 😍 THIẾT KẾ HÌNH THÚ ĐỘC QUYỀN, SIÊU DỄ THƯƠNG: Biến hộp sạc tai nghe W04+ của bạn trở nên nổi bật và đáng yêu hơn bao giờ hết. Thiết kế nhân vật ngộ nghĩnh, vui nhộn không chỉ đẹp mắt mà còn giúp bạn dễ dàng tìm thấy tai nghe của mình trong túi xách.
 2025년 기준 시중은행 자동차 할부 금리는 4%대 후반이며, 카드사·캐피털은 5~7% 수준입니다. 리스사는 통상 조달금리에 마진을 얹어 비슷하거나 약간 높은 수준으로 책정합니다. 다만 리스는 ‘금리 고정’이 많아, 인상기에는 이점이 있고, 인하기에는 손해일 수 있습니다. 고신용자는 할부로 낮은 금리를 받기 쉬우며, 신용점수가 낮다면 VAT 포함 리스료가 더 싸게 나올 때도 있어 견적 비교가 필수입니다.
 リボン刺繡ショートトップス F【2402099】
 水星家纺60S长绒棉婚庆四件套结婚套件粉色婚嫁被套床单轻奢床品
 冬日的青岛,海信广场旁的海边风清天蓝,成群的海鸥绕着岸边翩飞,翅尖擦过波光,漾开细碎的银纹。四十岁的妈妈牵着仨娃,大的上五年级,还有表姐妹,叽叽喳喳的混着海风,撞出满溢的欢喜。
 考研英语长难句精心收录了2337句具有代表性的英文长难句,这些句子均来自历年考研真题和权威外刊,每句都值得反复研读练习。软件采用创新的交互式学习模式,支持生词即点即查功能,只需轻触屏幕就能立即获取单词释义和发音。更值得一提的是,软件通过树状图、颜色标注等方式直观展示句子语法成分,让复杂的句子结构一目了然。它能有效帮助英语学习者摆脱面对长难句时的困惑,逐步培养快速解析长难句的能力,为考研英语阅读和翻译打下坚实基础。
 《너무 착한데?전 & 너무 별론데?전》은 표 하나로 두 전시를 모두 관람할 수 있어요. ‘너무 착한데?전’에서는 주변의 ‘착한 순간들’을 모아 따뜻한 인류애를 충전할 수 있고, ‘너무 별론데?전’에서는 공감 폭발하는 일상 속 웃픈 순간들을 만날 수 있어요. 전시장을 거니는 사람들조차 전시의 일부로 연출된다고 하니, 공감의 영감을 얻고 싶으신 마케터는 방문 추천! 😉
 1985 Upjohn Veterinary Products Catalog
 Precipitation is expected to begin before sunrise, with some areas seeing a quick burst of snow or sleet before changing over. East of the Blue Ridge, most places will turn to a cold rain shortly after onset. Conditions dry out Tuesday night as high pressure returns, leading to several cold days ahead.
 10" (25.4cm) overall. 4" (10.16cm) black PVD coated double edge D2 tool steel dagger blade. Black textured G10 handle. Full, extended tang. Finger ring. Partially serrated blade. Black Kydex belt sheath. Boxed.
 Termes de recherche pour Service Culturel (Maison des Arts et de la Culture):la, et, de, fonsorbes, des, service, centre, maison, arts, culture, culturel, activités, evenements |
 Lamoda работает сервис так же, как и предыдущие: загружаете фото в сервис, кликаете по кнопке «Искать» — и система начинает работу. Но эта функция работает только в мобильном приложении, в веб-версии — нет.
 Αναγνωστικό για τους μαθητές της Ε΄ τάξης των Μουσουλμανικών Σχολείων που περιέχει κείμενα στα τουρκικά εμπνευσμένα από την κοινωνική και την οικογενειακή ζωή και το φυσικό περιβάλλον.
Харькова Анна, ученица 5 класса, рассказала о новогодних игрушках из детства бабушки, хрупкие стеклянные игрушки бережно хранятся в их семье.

──────

TASK: Your answer must consist only of the lines from the start of the records above through the line with "Termes de recherche", each retyped exactly.

ANSWER BELOW:
 😍 THIẾT KẾ HÌNH THÚ ĐỘC QUYỀN, SIÊU DỄ THƯƠNG: Biến hộp sạc tai nghe W04+ của bạn trở nên nổi bật và đáng yêu hơn bao giờ hết. Thiết kế nhân vật ngộ nghĩnh, vui nhộn không chỉ đẹp mắt mà còn giúp bạn dễ dàng tìm thấy tai nghe của mình trong túi xách.
 2025년 기준 시중은행 자동차 할부 금리는 4%대 후반이며, 카드사·캐피털은 5~7% 수준입니다. 리스사는 통상 조달금리에 마진을 얹어 비슷하거나 약간 높은 수준으로 책정합니다. 다만 리스는 ‘금리 고정’이 많아, 인상기에는 이점이 있고, 인하기에는 손해일 수 있습니다. 고신용자는 할부로 낮은 금리를 받기 쉬우며, 신용점수가 낮다면 VAT 포함 리스료가 더 싸게 나올 때도 있어 견적 비교가 필수입니다.
 リボン刺繡ショートトップス F【2402099】
 水星家纺60S长绒棉婚庆四件套结婚套件粉色婚嫁被套床单轻奢床品
 冬日的青岛,海信广场旁的海边风清天蓝,成群的海鸥绕着岸边翩飞,翅尖擦过波光,漾开细碎的银纹。四十岁的妈妈牵着仨娃,大的上五年级,还有表姐妹,叽叽喳喳的混着海风,撞出满溢的欢喜。
 考研英语长难句精心收录了2337句具有代表性的英文长难句,这些句子均来自历年考研真题和权威外刊,每句都值得反复研读练习。软件采用创新的交互式学习模式,支持生词即点即查功能,只需轻触屏幕就能立即获取单词释义和发音。更值得一提的是,软件通过树状图、颜色标注等方式直观展示句子语法成分,让复杂的句子结构一目了然。它能有效帮助英语学习者摆脱面对长难句时的困惑,逐步培养快速解析长难句的能力,为考研英语阅读和翻译打下坚实基础。
 《너무 착한데?전 & 너무 별론데?전》은 표 하나로 두 전시를 모두 관람할 수 있어요. ‘너무 착한데?전’에서는 주변의 ‘착한 순간들’을 모아 따뜻한 인류애를 충전할 수 있고, ‘너무 별론데?전’에서는 공감 폭발하는 일상 속 웃픈 순간들을 만날 수 있어요. 전시장을 거니는 사람들조차 전시의 일부로 연출된다고 하니, 공감의 영감을 얻고 싶으신 마케터는 방문 추천! 😉
 1985 Upjohn Veterinary Products Catalog
 Precipitation is expected to begin before sunrise, with some areas seeing a quick burst of snow or sleet before changing over. East of the Blue Ridge, most places will turn to a cold rain shortly after onset. Conditions dry out Tuesday night as high pressure returns, leading to several cold days ahead.
 10" (25.4cm) overall. 4" (10.16cm) black PVD coated double edge D2 tool steel dagger blade. Black textured G10 handle. Full, extended tang. Finger ring. Partially serrated blade. Black Kydex belt sheath. Boxed.
 Termes de recherche pour Service Culturel (Maison des Arts et de la Culture):la, et, de, fonsorbes, des, service, centre, maison, arts, culture, culturel, activités, evenements |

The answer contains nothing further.